Of course, Brienne had agreed and set out for the school. It hadn’t been easy, and she must have told a hundred staff members who she was looking for and why they should release unrelated children into her care. Jaime, there to pick up his niece and nephew, had stepped in to insist the school release the Stark children. He’d embarrassed Brienne, this stranger throwing his weight around and bullying the staff, but she’d grudgingly had to thank him when the school let her take the kids. 

And then Catelyn and Robb, like most of those quarantined at the Twins, had died from stonelung. The four youngest Stark children, along with their cousin Jon, had been with Brienne ever since, first at the Stark home and then here at the Winterfell Mall, once the government ran out of room to house the sick and started quarantining the healthy instead. 

“What about Pod?” Jaime countered.

Brienne barked a laugh and quickly smothered it. If the soldiers in the parking lot heard her, they could lose their little haven in the fresh air. “Jaime, you brought him to me.”

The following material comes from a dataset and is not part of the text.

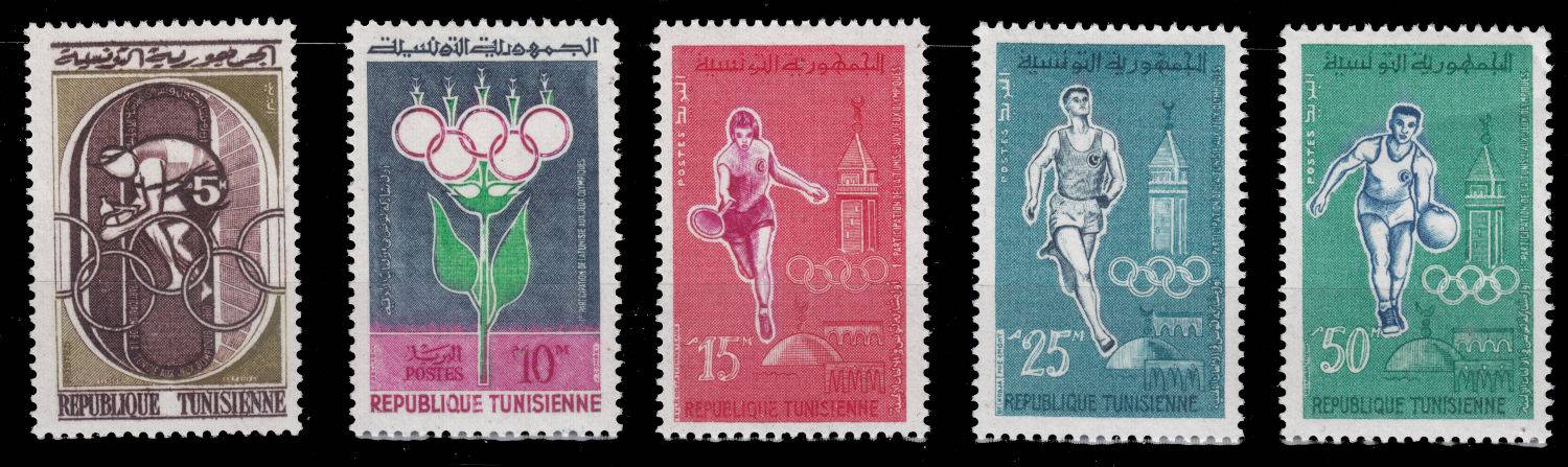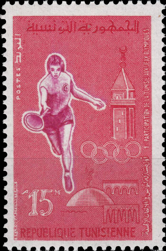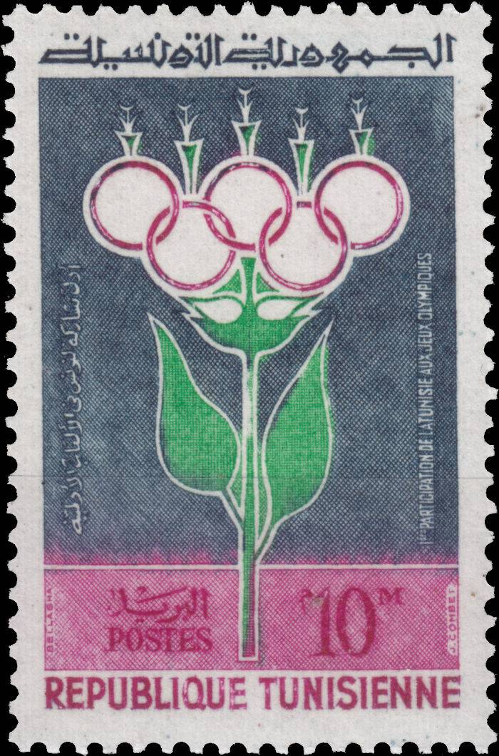 besitzt außerdem olympische Ringe und die Aufschrift REPUBLIQUE TUNISIENNE und den jeweiligen

“Well, he couldn’t stay with me,” he grumbled, scratching awkwardly at his knit cap. Pod was a thin, stuttering child who’d arrived at the mall entirely alone and tried to set up a tent in a corner of Jaime’s store, where he’d felt safe surrounded by stuffed elk heads mounted on the walls and a bow far too big for his scrawny arms to draw tucked beside him. A bow wouldn’t save him from stonelung, but no one had the heart to point that out. Jaime had nudged the boy in Brienne’s direction, and before she knew it she had another child in her care.

She could have reminded Jaime that the children adored him, that she saw the empathy he buried under humor and arrogance. But he knew. Of course he knew. He preferred to hide behind the image people had of him, the pampered scion of a wealthy family. The asshole who laughed and smirked his way through this tragedy without letting it touch him. 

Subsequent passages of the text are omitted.